When you spot the word "Волга" in a line of the data below, copy that line.

**** Task inputs ****

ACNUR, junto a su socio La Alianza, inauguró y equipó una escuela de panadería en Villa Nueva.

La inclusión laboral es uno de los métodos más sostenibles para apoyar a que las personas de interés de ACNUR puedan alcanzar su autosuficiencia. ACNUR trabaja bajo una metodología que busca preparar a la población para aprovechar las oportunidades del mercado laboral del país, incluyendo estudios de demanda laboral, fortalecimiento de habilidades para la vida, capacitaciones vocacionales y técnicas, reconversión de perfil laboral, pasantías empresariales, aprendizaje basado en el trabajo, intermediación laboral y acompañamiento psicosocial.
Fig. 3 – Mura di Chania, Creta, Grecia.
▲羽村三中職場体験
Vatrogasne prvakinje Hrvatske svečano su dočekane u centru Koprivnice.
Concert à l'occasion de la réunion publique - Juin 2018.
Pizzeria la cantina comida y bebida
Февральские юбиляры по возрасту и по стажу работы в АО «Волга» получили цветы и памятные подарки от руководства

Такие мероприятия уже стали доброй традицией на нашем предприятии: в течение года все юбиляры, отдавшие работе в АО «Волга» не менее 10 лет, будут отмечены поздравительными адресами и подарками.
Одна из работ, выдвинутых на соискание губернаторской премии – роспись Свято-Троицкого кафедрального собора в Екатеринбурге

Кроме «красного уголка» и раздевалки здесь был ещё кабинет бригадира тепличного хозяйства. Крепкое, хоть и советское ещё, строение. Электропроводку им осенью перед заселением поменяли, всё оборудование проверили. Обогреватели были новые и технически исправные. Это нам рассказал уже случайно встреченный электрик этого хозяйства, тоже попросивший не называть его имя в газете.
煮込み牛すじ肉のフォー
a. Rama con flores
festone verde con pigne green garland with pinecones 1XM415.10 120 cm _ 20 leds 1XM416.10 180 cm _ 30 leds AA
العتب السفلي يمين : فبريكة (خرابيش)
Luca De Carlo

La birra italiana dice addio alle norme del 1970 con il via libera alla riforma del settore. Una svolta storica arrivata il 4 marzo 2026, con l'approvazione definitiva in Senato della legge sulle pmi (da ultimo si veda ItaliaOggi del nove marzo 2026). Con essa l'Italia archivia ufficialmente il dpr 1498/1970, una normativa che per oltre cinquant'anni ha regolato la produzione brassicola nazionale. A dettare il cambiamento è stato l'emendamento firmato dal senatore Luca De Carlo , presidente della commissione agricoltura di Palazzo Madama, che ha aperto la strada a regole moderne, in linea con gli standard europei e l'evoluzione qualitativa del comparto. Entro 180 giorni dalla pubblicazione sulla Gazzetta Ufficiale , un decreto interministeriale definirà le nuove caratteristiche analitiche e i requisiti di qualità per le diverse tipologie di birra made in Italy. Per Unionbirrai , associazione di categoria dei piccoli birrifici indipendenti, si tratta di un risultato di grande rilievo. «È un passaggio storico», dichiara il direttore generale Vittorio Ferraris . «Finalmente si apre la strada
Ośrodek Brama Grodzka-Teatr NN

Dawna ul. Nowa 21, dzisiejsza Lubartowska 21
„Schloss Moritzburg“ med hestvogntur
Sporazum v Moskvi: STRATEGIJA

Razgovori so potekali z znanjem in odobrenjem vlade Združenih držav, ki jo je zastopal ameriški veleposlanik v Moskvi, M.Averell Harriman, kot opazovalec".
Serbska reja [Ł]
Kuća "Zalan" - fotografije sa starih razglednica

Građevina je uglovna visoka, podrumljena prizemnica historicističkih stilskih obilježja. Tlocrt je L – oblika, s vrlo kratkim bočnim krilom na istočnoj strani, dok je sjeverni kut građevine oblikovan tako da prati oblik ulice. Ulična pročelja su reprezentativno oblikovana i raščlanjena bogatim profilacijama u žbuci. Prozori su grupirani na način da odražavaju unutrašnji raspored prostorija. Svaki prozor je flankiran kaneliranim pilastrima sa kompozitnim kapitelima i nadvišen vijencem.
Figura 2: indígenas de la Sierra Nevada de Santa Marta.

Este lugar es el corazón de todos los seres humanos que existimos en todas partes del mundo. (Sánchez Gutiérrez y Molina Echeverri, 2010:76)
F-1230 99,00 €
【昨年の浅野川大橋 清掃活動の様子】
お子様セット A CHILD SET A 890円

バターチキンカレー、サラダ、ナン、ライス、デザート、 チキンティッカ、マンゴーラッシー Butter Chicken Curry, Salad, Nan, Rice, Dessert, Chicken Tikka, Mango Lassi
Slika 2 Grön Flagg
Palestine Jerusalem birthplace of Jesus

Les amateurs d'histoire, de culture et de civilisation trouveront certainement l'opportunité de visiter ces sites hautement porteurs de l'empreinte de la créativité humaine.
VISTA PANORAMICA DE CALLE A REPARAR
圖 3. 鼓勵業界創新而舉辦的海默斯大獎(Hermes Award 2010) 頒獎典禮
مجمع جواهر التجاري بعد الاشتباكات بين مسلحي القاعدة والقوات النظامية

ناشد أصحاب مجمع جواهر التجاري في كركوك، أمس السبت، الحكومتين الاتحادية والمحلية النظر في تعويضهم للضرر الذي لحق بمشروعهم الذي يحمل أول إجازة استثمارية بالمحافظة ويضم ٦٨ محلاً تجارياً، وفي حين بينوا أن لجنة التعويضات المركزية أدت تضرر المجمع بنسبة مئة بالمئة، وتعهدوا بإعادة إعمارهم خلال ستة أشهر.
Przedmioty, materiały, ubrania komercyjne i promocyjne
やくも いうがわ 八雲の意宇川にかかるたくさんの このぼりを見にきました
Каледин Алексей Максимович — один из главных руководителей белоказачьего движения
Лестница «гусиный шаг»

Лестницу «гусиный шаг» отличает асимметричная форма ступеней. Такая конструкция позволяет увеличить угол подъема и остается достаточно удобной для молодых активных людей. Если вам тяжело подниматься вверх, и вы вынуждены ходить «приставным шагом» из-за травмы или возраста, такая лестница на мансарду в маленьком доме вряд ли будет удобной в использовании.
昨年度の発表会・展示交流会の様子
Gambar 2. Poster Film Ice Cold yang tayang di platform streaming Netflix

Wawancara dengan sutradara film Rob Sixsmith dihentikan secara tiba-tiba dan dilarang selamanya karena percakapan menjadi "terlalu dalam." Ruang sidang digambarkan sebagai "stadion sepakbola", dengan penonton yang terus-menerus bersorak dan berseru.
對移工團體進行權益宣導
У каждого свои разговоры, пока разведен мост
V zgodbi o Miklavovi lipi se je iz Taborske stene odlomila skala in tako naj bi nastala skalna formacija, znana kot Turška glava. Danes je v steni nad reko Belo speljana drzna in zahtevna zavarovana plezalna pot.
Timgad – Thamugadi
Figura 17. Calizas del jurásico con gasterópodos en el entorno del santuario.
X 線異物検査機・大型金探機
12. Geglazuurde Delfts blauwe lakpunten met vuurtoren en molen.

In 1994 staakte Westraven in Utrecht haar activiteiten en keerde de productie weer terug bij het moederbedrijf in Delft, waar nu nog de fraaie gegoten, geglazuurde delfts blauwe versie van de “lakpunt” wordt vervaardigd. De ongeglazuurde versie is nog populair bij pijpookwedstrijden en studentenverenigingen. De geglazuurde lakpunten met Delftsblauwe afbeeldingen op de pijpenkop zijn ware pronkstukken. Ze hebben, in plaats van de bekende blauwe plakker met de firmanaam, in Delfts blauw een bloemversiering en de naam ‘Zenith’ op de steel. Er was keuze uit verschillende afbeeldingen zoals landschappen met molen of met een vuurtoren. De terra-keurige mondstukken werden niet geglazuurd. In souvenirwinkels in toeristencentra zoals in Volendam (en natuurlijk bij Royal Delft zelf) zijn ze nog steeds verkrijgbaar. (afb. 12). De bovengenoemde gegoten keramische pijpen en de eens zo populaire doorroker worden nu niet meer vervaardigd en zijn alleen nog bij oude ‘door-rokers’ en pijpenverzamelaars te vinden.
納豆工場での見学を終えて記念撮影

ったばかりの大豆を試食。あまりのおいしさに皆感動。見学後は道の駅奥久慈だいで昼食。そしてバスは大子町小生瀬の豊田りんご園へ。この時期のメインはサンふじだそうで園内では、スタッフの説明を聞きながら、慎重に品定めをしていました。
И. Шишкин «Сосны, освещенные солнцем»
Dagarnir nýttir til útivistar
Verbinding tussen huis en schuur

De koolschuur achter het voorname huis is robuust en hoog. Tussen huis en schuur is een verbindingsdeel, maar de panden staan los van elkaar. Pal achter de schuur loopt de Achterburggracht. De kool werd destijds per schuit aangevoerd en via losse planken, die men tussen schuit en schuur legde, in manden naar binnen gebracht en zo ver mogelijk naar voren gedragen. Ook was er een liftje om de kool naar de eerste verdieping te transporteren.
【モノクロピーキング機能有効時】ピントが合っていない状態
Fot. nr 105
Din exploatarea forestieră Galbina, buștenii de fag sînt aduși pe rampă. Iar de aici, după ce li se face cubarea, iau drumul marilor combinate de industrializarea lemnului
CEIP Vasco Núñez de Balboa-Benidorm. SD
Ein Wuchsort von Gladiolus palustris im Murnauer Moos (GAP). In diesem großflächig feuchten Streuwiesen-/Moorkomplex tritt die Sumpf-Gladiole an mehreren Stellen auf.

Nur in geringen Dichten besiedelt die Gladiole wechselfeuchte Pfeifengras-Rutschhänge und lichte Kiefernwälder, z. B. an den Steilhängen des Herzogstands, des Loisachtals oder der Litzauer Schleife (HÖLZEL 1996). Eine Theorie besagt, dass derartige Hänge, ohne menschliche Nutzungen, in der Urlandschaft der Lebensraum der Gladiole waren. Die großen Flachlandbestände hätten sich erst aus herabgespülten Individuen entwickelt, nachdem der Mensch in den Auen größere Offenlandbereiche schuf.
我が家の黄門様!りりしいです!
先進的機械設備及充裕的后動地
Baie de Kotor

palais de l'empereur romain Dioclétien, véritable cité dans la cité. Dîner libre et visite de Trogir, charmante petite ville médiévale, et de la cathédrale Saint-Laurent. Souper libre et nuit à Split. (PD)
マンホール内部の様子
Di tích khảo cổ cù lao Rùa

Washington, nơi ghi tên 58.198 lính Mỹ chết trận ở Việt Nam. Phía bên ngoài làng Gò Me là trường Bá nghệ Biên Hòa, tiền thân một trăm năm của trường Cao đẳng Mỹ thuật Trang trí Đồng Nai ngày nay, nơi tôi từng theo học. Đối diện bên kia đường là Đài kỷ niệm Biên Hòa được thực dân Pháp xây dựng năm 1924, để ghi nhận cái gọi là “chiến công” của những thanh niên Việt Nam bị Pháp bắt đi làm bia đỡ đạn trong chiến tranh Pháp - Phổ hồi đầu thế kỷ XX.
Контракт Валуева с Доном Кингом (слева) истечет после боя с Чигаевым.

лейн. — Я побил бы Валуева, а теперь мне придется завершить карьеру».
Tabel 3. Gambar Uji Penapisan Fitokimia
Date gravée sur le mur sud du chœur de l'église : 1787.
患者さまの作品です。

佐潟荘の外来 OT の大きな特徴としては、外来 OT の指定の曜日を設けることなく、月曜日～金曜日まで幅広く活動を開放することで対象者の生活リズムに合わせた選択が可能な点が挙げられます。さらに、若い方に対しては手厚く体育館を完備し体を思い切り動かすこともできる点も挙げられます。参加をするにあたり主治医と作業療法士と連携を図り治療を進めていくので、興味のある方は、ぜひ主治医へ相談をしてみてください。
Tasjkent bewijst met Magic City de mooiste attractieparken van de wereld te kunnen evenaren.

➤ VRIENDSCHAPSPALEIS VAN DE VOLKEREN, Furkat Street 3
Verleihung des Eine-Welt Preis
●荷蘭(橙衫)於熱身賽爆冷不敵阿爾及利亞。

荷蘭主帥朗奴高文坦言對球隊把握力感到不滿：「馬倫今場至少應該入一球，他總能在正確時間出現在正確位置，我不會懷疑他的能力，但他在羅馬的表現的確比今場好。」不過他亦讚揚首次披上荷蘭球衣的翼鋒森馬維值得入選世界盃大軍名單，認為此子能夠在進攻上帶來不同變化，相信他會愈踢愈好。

****

Answer box:
Февральские юбиляры по возрасту и по стажу работы в АО «Волга» получили цветы и памятные подарки от руководства
Такие мероприятия уже стали доброй традицией на нашем предприятии: в течение года все юбиляры, отдавшие работе в АО «Волга» не менее 10 лет, будут отмечены поздравительными адресами и подарками.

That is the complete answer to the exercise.